What Not to Say at Your Social Security Hearing

What Not to Say

Clients often ask me “is there anything I shouldn’t say at my hearing?” As an attorney this always makes me nervous as we are obligated to be forthright and honest about all aspects of a claim. The judge, having already read your medical records, work history and earnings records, probably already knows more than you think and is acutely aware of any red flags or short comings with your claim. There is no point is discrediting your own testimony by attempting to lie about anything. I doubt many people were seriously contemplating lying or withholding evidence but instead want to know more about some things that can come out wrong or complicate their testimony. I’ll do my best below to try to point out some common mistakes and how to better handle them.

Stick to the questions asked of you

Clients are often, understandably, excited to explain their impairments and why they deserve disability. That enthusiasm is great, but when it’s unfocused it can actually muddle your testimony and even hurt your claim. Many people try to jump right in and start explaining their position or telling their story. You will definitely get a chance to say anything relevant to you claim but a hearing starts slow with basic background information and legal notices and often work history before a judge is really ready to weigh in on your claim.

Once you get into testimony regarding your impairments claimants will sometimes want to talk about how long they’ve been suffering or how unlucky or unfortunate it was that they were hurt and it was not their fault. These are emotional topics and I would hate to sound dismissive of such things but a disability judge really needs to hear about your current level of impairment and why it prevents you from working and anything that complicates that probably does more harm than good. So, while things like how you weren’t at fault or that your condition is genetic or that you’ve had pain for a very long time can be helpful pretext, focus on your current or most recent condition when answering a judges questions. An attorney can help you understand the most relevant time period for your claim and whether much, if any, context is needed to support your diagnosis.

I can do anything

I’ve had clients with physical limitations that were unwilling to admit to being unable to do something. They’d say things like “well I could lift as much as I want it would just hurt a lot.” That’s ok but what the judge is really trying to ascertain is how much you can lift or how much weight is too much so that you’d avoid lifting it in order to avoid serious pain. Think about how much you’d be able to lift at a job before being unable to keep up. Be reasonable about your limits. Being honest with yourself about how your limited is an important first step to explaining it to anyone else.

I can’t do anything

The flip side of the precious problem- if you are alleging mental health impairments only you don’t need to prove you can’t lift any weight. It’s ok to say that you don’t have issues in that area. In fact, it makes judges more suspicious when you start alleging things that are not supported in the record. Not every single question needs to have a completely disabling response. Again, begin by being honest with yourself about your limits.

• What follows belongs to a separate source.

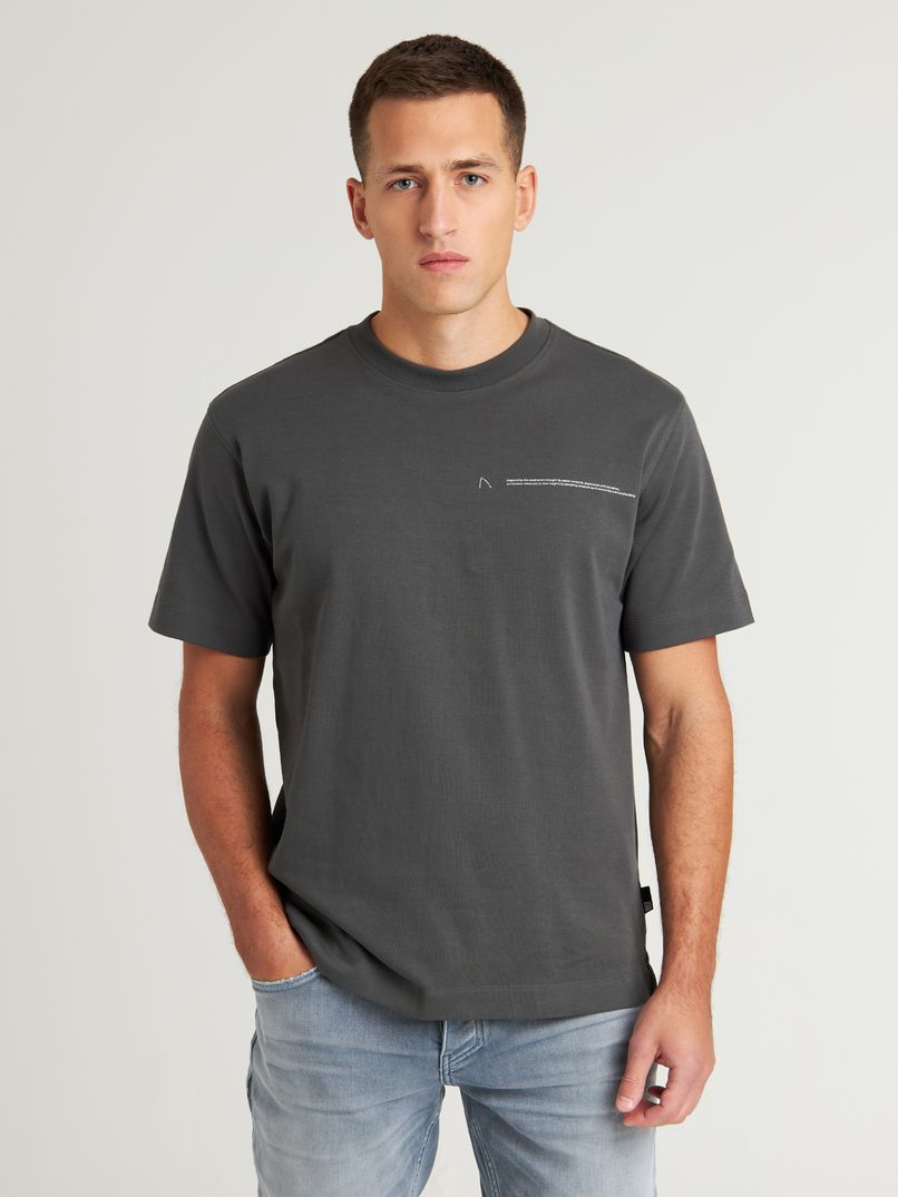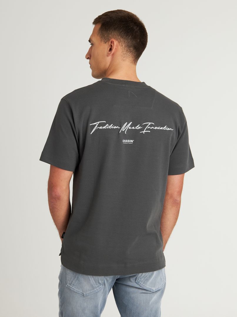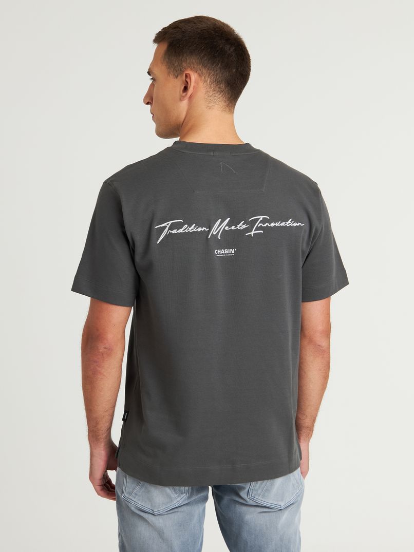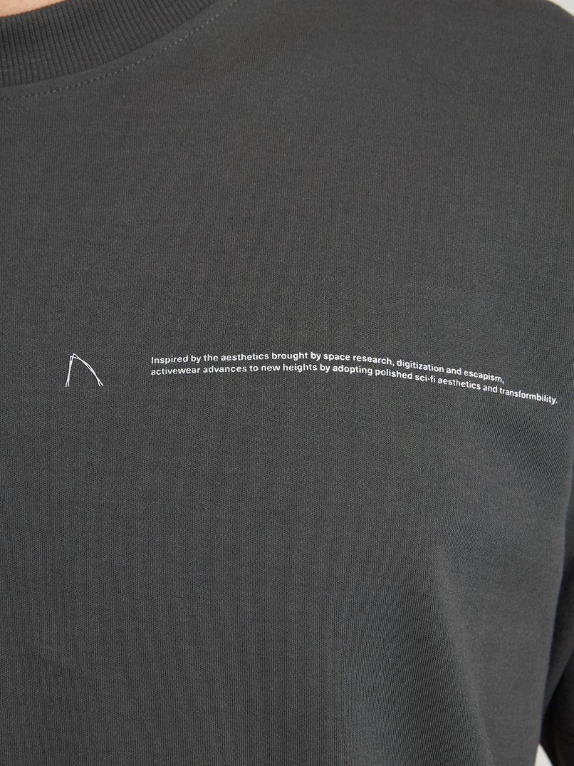 Das Script ist ein loose fit T-Shirt. Dieses T-Shirt verfügt über einen großen 3D-Print auf dem Rücken und einen dezenten Letterprint auf der Brust.

I was disabled before I quit working

There might be some room for this with part time or accommodated work but generally you’re not trying to prove anything back before you stopped working. You probably are not alleging disability then and a judge would be unable to award benefits for any time period you’re making above SGA earnings regardless. If anything, it just sounds like your conditions allowed you to work for a time. It would be more helpful to focus on why they caused that job to end or why you wouldn’t be able to return to such work.

I never did that

If, in fact, you never did something certainly don’t just lie and say you did. Generally, however, if a judge is asking you about a trip or a hobby or a job it is based on something in your records that they would like some context or explanation of it. It does not mean you were never supposed to do those things, the judge is just evaluating the extent of your impairment and would like some help reconciling different pieces of evidence. Instead, you can say things like ‘I did try to work but it only lasted a short period before my conditions did not allow me to continue.’ Or that you do like to attend church but rarely get there anymore. Lot of people seem to identify as fishermen or sports enthusiasts, crafters or artists even after they are disabled and no longer able to engage in such activities the same as before.

Yep, yep, yep

Often times judge will ask a list of questions that sounds something like- ‘are you able to dress yourself? Are you able make your bed? Shower? Do dishes and laundry? Most people have to do all such activities in some degree, but simply saying you do them all can often sound like an overestimation of your conditions. Instead it can be more helpful to provide some context. Saying I can was dishes but often need a break if it’s a whole meal is a more helpful answer. Or perhaps you can do laundry but frequently ask for help because stairs are hard. Or that you can get washed and dressed on your own but need remainders to do so. Direct answers are best, but so direct that answers lack proper context can also be misleading.

Ultimately having a good attorney on your claim will help with any of these or other issues that may arise in your testimony. An attorney will prepare you with what to say or issues that may come up before your hearing. During your hearing your attorney will also ask follow up questions to provide proper context or further elucidation on any answers that were incomplete or may have left a judge with the wrong impression.